When Webpack processes your UserProfile.tsx, it's already transforming JSX into React.createElement calls and TypeScript into vanilla JavaScript. During that same AST walk, it can trivially extract every import statement:

// Your source code
import React from 'react';
import { UserCard } from './UserCard';
import { fetchUser } from '../api/users';

// Webpack already sees this as an AST during transformation:
// ImportDeclaration { source: "react", specifiers: [...] }
// ImportDeclaration { source: "./UserCard", specifiers: [...] }
// ImportDeclaration { source: "../api/users", specifiers: [...] }

Graph ownership. Because they know every "edge", they can do selective invalidation: traverse upward to mark stale parents, downward to bubble updates.

The bundler doesn't just know that UserProfile.tsx imports UserCard.tsx, it knows the complete bidirectional graph. When UserCard.tsx changes, it can instantly compute the minimal set of modules that need to update:

// Dependency graph that Webpack maintains internally
const dependencyGraph = {
  'UserCard.tsx': {
    importedBy: ['UserProfile.tsx', 'AdminPanel.tsx'],
    imports: ['./Button.tsx', './Avatar.tsx']
  },
  'UserProfile.tsx': {
    importedBy: ['App.tsx'],
    imports: ['UserCard.tsx', '../api/users.js']
  }
  // ... rest of your app
}

When UserCard.tsx changes:

Mark UserCard.tsx as stale
Walk up: mark UserProfile.tsx and AdminPanel.tsx as stale
Keep walking: mark App.tsx as stale
Send update message for just these 4 modules, not the whole app

This surgical precision is what makes Vite updates feel instant even on codebases with thousands of files. Only the affected branch of the dependency tree gets invalidated and reloaded.

Runtime shims. Bundlers also inject a few dozen lines that expose a small HMR API. This converts import syntax from their typical static embedding into a dynamic registry that we can update without having to untangle all the nested spaghetti code.

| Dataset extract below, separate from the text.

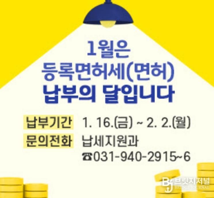 파주시 관계자는 “등록면허세(면허)는 비교적 소액이어서 납부를 놓치는 경우가 많다”라며, “납부기한이 경과하면 부과 금액의 3%에 해당하는 납부지연 가산세가 추가되므로 반드시 기한 내 납부해 주시길 바란다”라고 당부했다.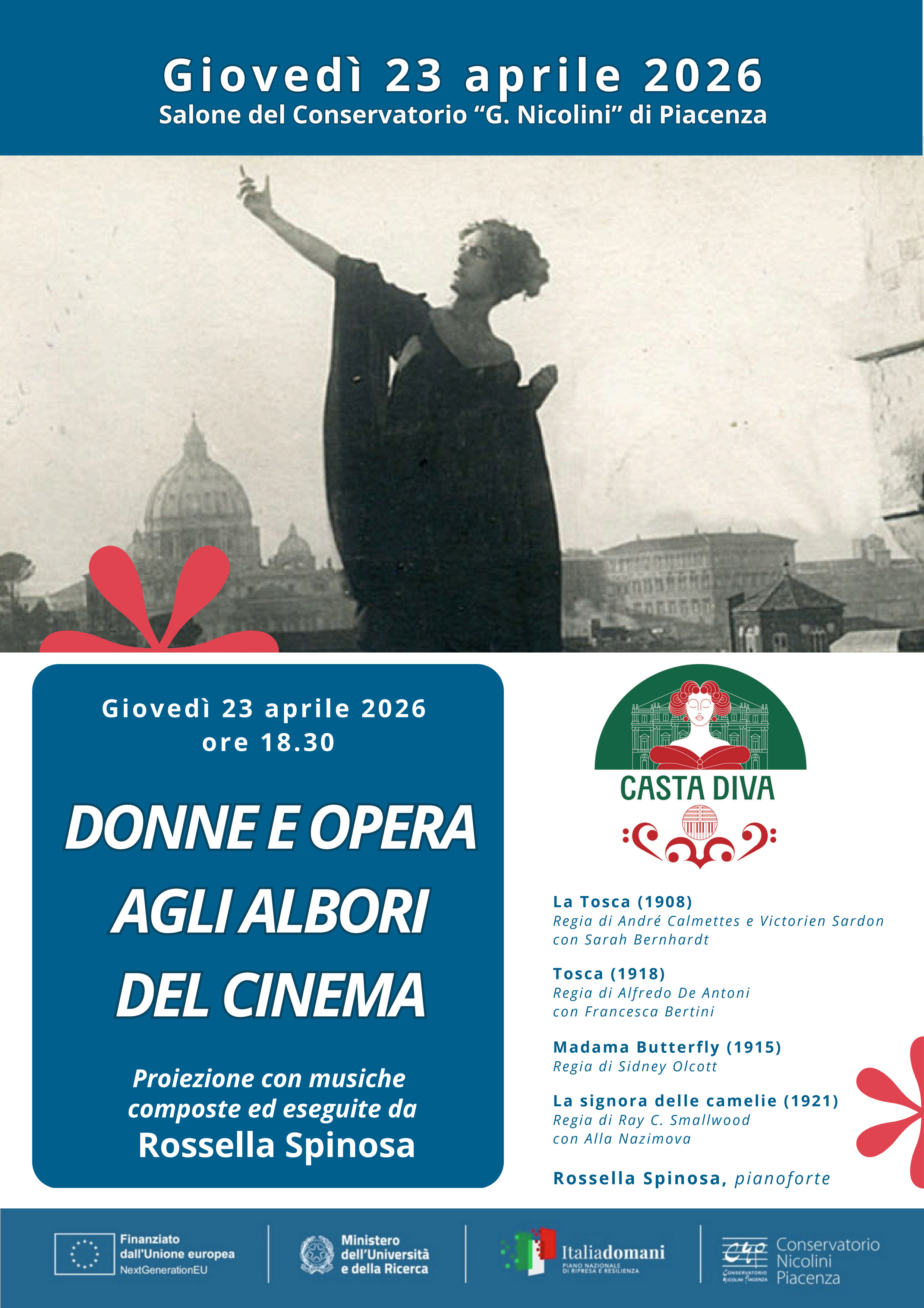 A seguire, alle ore 18.30, il pomeriggio proseguirà nel Salone dei Concerti con “Donne e opera agli albori del cinema”, evento inserito nella rassegna Casta Diva. Protagonista sarà la pianista e compositrice Rossella Spinosa, che accompagnerà dal vivo una selezione di film muti, restituendo al pubblico il fascino originario del cinema delle origini.

// __hmr_runtime__.js (simplified)
const records = new Map();              // id → { deps, dispose, accept }
export function register(id, mod) { records.set(id, { mod, deps: [] }); }
export function invalidate(id) { … }    // walks records, calls dispose, swaps exports

The bundler wraps every module with this runtime machinery. Your straightforward UserCard.tsx becomes something like:

// Your original code
export const UserCard = ({ user }) => <div>{user.name}</div>;

// Gets wrapped by bundler into:
(() => {
  const module = { exports: {}, hot: null };

  // Your code runs here
  const UserCard = ({ user }) => React.createElement('div', null, user.name);
  module.exports = { UserCard };

  // HMR scaffolding injected by bundler (per-module hot context)
  if (module.hot) {
    // Handle hot updates for this specific module
    module.hot.accept((newModule) => {
      // Swap out the component while preserving React state
    });

    // Access to previous module's data via module.hot.data
    if (module.hot.data) {
      // Handle state from previous hot reload
    }
  }

  __hmr_runtime__.register('UserCard.tsx', module);
})();

The Snake

I've spent a lot of time trying to come up with the best hot reloading experience in Python for web development in Mountaineer. And most of that time was buried deep, deep in the docs and implementation details of importlib. That codebase alone will put some hair on your chest.

In theory you can do everything in Python that you do in Node.² But it's complicated by the way Python handles module imports and reference caching.

importlib & modules

Python 3.0 standardized its import behavior more formally. Unlike Node's require.cache which you can freely manipulate by reference, Python's module system sticks a local function instance in every file that references it. It doesn't pull them dynamically at runtime from some central place, so correcting the record is a lot more fragmented.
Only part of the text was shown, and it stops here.